Я обиделся и сказал:
— Когда-то ты любила во мне и это.
— О, да! — согласилась она. — Ты даже не представляешь, до какой степени.
— Тебе не мешали ни моя старческая мудрость, ни ребяческая наивность.
— Совершенно верно, — подтвердила она. — Потому что я верила в них. И в тебя тоже.

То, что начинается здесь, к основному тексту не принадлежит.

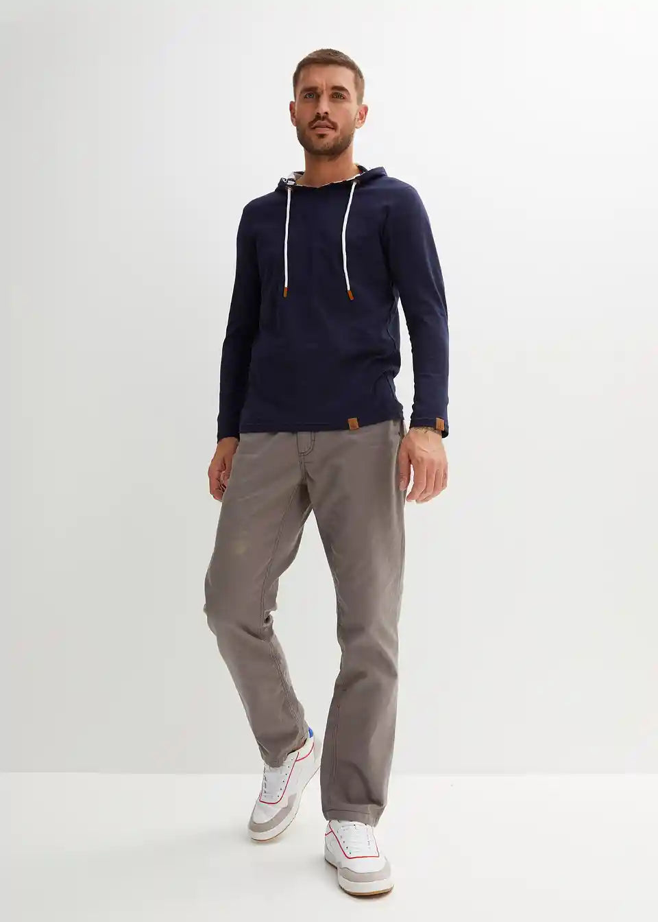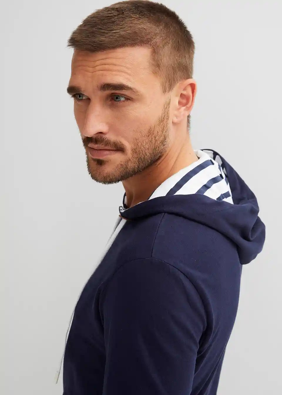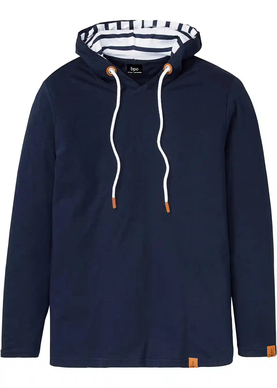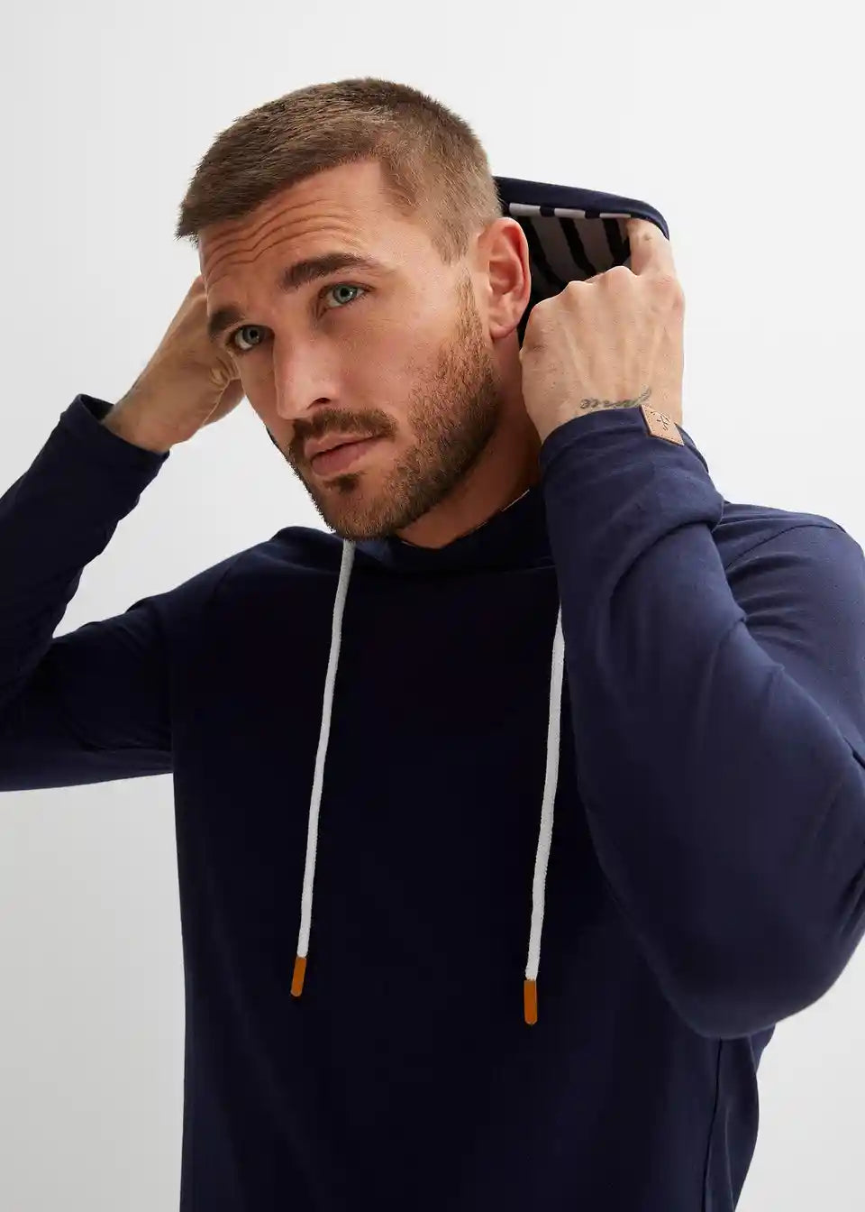 Čudovita majica z dolgimi rokavi s podlogo kapuce v črtastem vzorcu in lepimi detajli iz imitacije usnja, pralna v pralnem stroju

Веки ее легонько вздрагивали. В ней было противоречие, которое я так никогда и не сумел объяснить: несмотря на все это утомительное пустословие, на беспрестанный шум, сопровождавший каждый ее шаг, на откровенный эгоизм и цветастые облака таинственности, которыми она обожала окружать себя, общение с ней оставляло ощущение точного и глубокого проникновения в суть вещей. Тронутого к тому же неподдельным отчаяньем. Ее вечное ехидство и злорадство были лишь маской. О, женщины!.. В тот вечер она рассказала мне о Вальтере Виньямине. Виньямин был евреем, а также немецким философом и писателем. Всю свою жизнь он был влюблен в картину Пауля Клее «Новые ангелы». Он обожал ее и преклонялся перед ней. Он писал о ней. Он нуждался в ней. Это была странная система отношений между человеком и художественным произведением. Ему удалось приобрести картину, и с тех пор она сопровождала его повсюду, во всех его скитаниях. Созданный им журнал Виньямин назвал «Новые ангелы».

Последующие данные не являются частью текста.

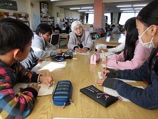 赤麻の畑に爆弾が落ちたこと、東京から焼け出された方々が疎開にいらしたこと、当時の子供の服装や食生活について等、教科書では分からなかった実際の戦争中の生活について学びました。「戦争はダメだよね」という講師の方の言葉が心にしみました。
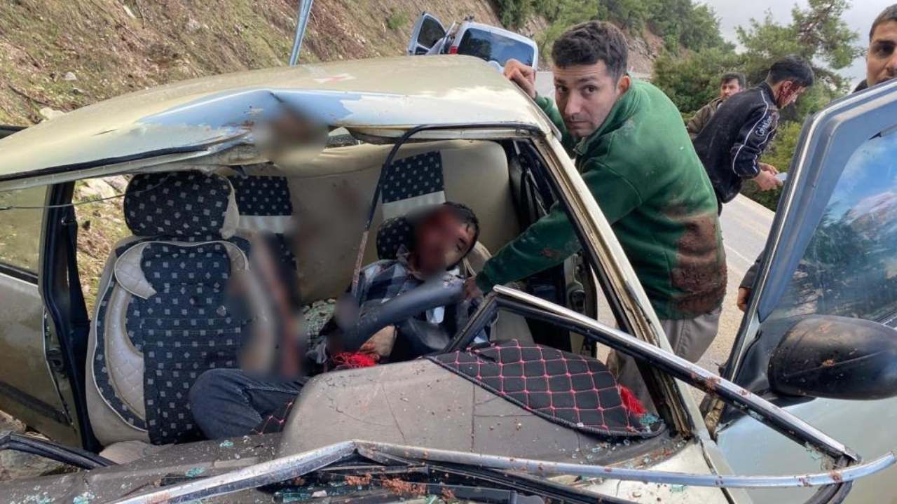 Yol kenarındaki yamaçta çalışma yapan bir kepçenin hareketiyle yerinden kopan devasa bir kaya parçası, hızla yola yuvarlanarak Muhammed E. idaresindeki aracın ön camından içeri girdi. Metrelerce yüksekten düşen kayanın etkisiyle hurdaya dönen araçta bulunan sürücü Muhammed E., komşusu İsmail D. ve sürücünün iki kardeşi yaralandı.
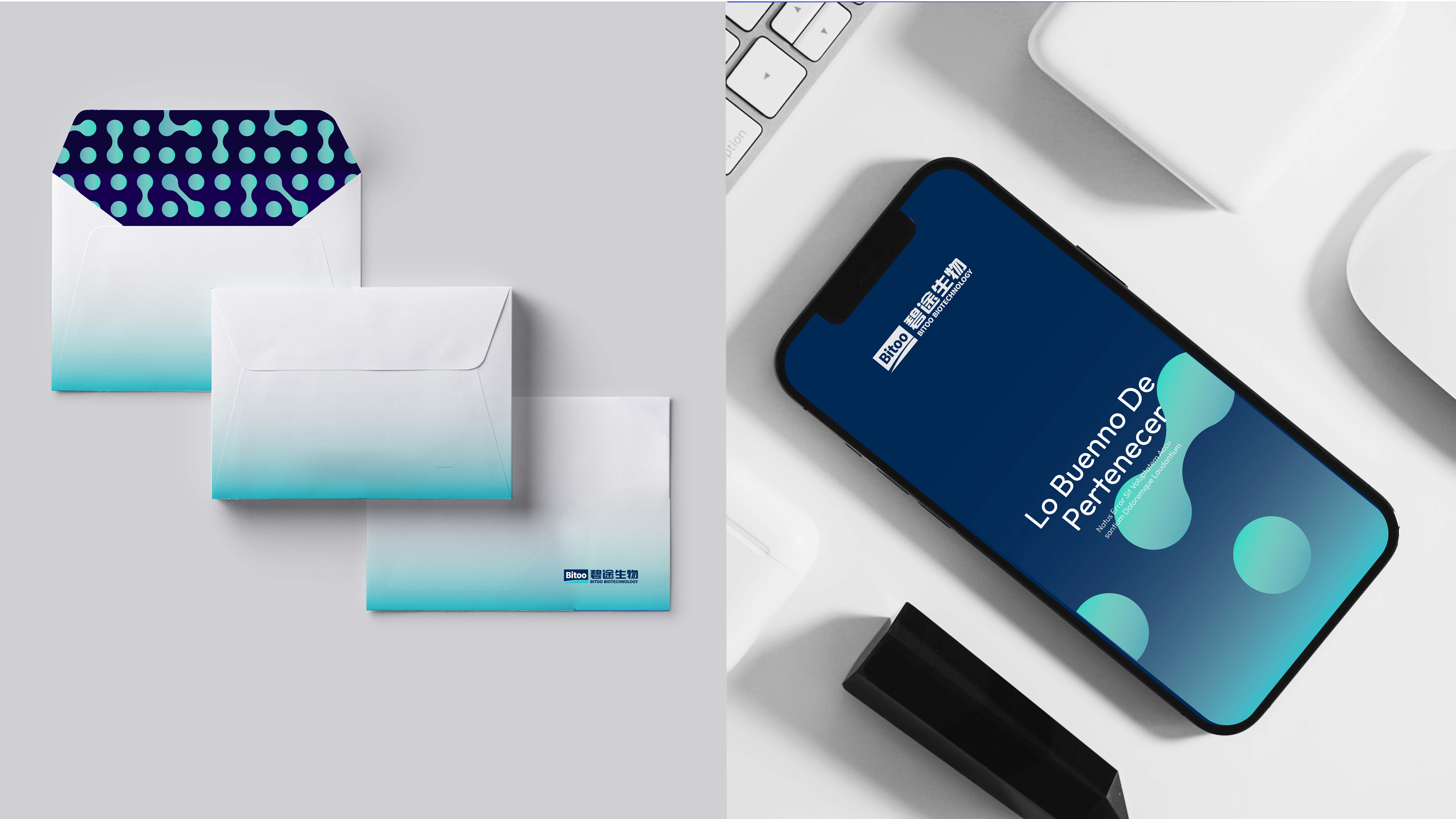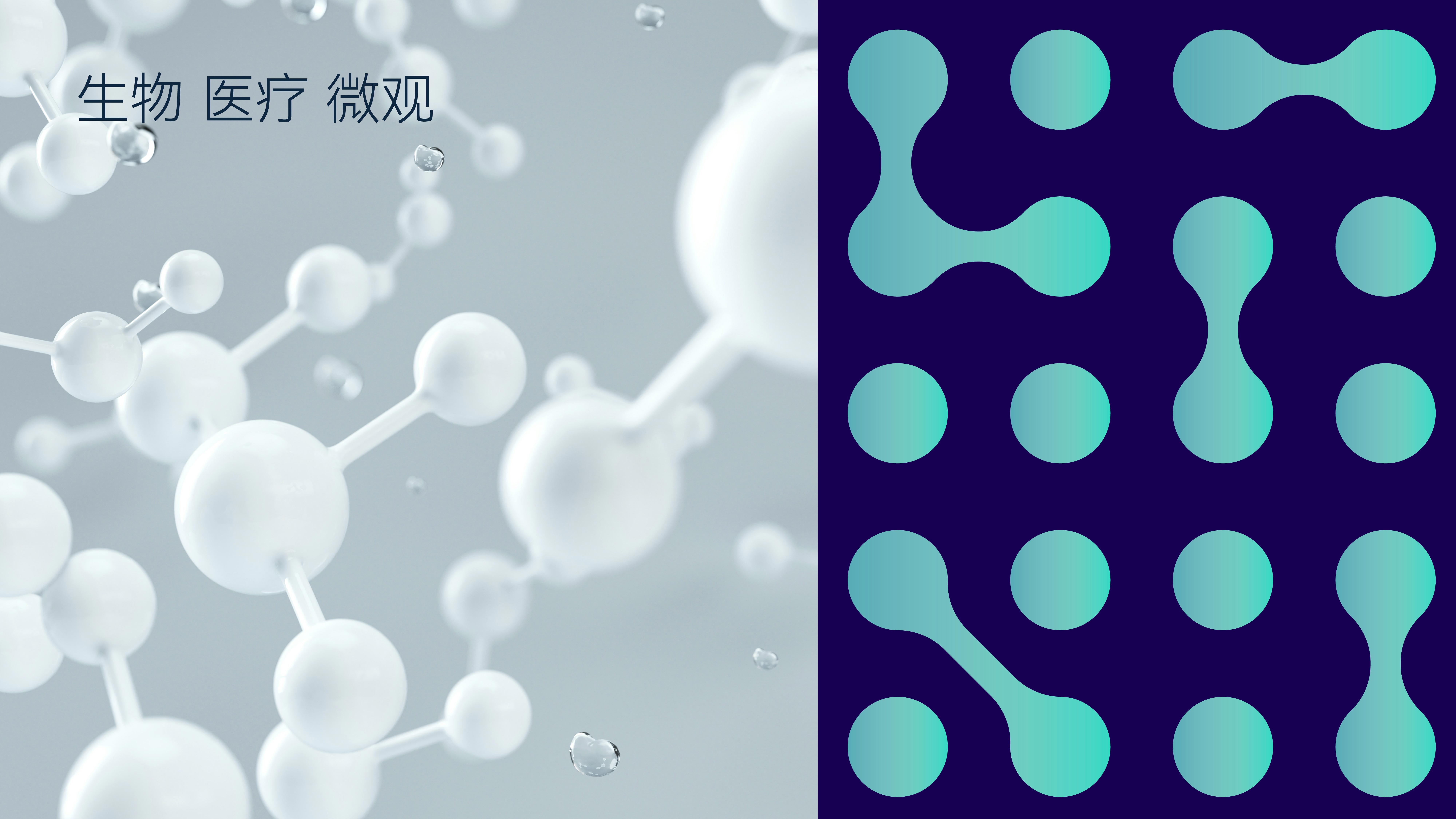 整个VI设计从分子到极光,既体现了生物医/疗行业的科技感与未来感,也通过延展图形的多样应用,展示了品牌探索未知、突破无限的使命感。

— Между прочим, — сказала Аяла, — некоторое время назад я видела эту картину в одной лондонской галерее и, ей-богу, не поняла, что он в ней нашел. Видно, каждому из нас соответствует особый таинственный ключик, которым можно отомкнуть только душу одного, именно этого человека. Как это прекрасно, правда?

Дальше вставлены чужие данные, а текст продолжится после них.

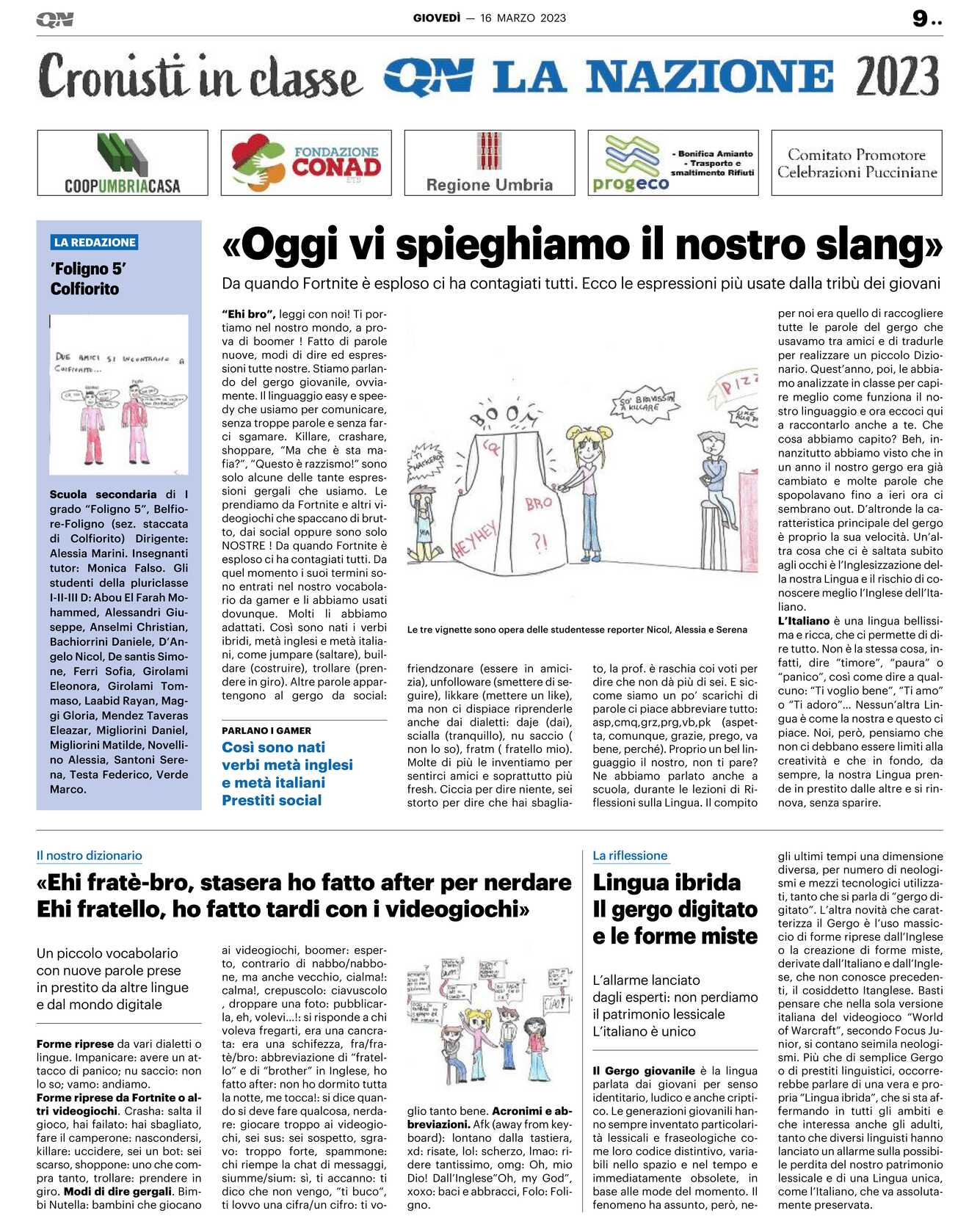 Forme riprese da Fortnite o altri videogiochi. Crasha: salta il gioco, hai failato: hai sbagliato, fare il camperone: nascondersi, killare: uccidere, sei un bot: sei scarso, shoppone: uno che compra tanto, trollare: prendere in giro. Modi di dire gergali. Bimbi Nutella: bambini che giocano ai videogiochi, boomer: esperto, contrario di nabbo/nabbone, ma anche vecchio, cialma!: calma!, crepuscolo: ciavuscolo , droppare una foto: pubblicarla, eh, volevi…!: si risponde a chi voleva fregarti, era una cancrata: era una schifezza, fra/fratè/bro: abbreviazione di “fratello” e di “brother” in Inglese, ho fatto after: non ho dormito tutta la notte, me tocca!: si dice quando si deve fare qualcosa, nerdare: giocare troppo ai videogiochi, sei sus: sei sospetto, sgravo: troppo forte, spammone: chi riempie la chat di messaggi, siumme/sium: sì, ti accanno: ti dico che non vengo, “ti buco“, ti lovvo una cifra/un cifro: ti voglio tanto bene. Acronimi e abbreviazioni. Afk (away from keyboard): lontano dalla tastiera, xd: risate, lol: scherzo, lmao: ridere tantissimo, omg: Oh, mio Dio! Dall’Inglese”Oh, my God”, xoxo: baci e abbracci, Folo: Foligno. Il Gergo giovanile è la lingua parlata dai giovani per senso identitario, ludico e anche criptico. Le generazioni giovanili hanno sempre inventato particolarità lessicali e fraseologiche come loro codice distintivo, variabili nello spazio e nel tempo e immediatamente obsolete, in base alle mode del momento. Il fenomeno ha assunto, però, ne-gli ultimi tempi una dimensione diversa, per numero di neologismi e mezzi tecnologici utilizzati, tanto che si parla di “gergo digitato”. L’altra novità che caratterizza il Gergo è l’uso massiccio di forme riprese dall’Inglese o la creazione di forme miste, derivate dall’Italiano e dall’Inglese, che non conosce precedenti, il cosiddetto Itanglese. Basti pensare che nella sola versione italiana del videogioco “World of Warcraft”, secondo Focus Junior, si contano seimila neologismi. Più che di semplice Gergo o di prestiti linguistici, occorrerebbe parlare di una vera e propria “Lingua ibrida”, che si sta affermando in tutti gli ambiti e che interessa anche gli adulti, tanto che diversi linguisti hanno lanciato un allarme sulla possibile perdita del nostro patrimonio lessicale e di una Lingua unica, come l’Italiano, che va assolutamente preservata. Scuola secondaria di I grado “Foligno 5”, Belfiore-Foligno (sez. staccata di Colfiorito) Dirigente: Alessia Marini. Insegnanti tutor: Monica Falso. Gli studenti della pluriclasse I-II-III D: Abou El Farah Mohammed, Alessandri Giuseppe, Anselmi Christian, Bachiorrini Daniele, D’Angelo Nicol, De santis Simone, Ferri Sofia, Girolami Eleonora, Girolami Tommaso, Laabid Rayan, Maggi Gloria, Mendez Taveras Eleazar, Migliorini Daniel, Migliorini Matilde, Novellino Alessia, Santoni Serena, Testa Federico, Verde Marco. LA REDAZIONE

Я не понял, зачем она рассказывает мне об этом. Аяла — неутомимая собирательница абсурдных анекдотов, всевозможных обрывков никчемной информации и самых невероятных выдумок и сплетен. Весь ее интеллектуальный багаж ограничивается лоскутками сведений о знаменитостях, таинственных происшествиях и непостижимых потусторонних явлениях. Лоскут на лоскуте, заплата на заплате. Она, разумеется, отродясь не держала в руках «Критики чистого разума», зато умеет рассказать вам с тонкой заговорщической гримаской, что Кант всегда носил под брюками женские подвязки, и благодаря соблазнительной нотке интимности в ее голосе слушатель вообразит, что с той же легкостью и непринужденностью она может изложить и основные положения теории великого философа.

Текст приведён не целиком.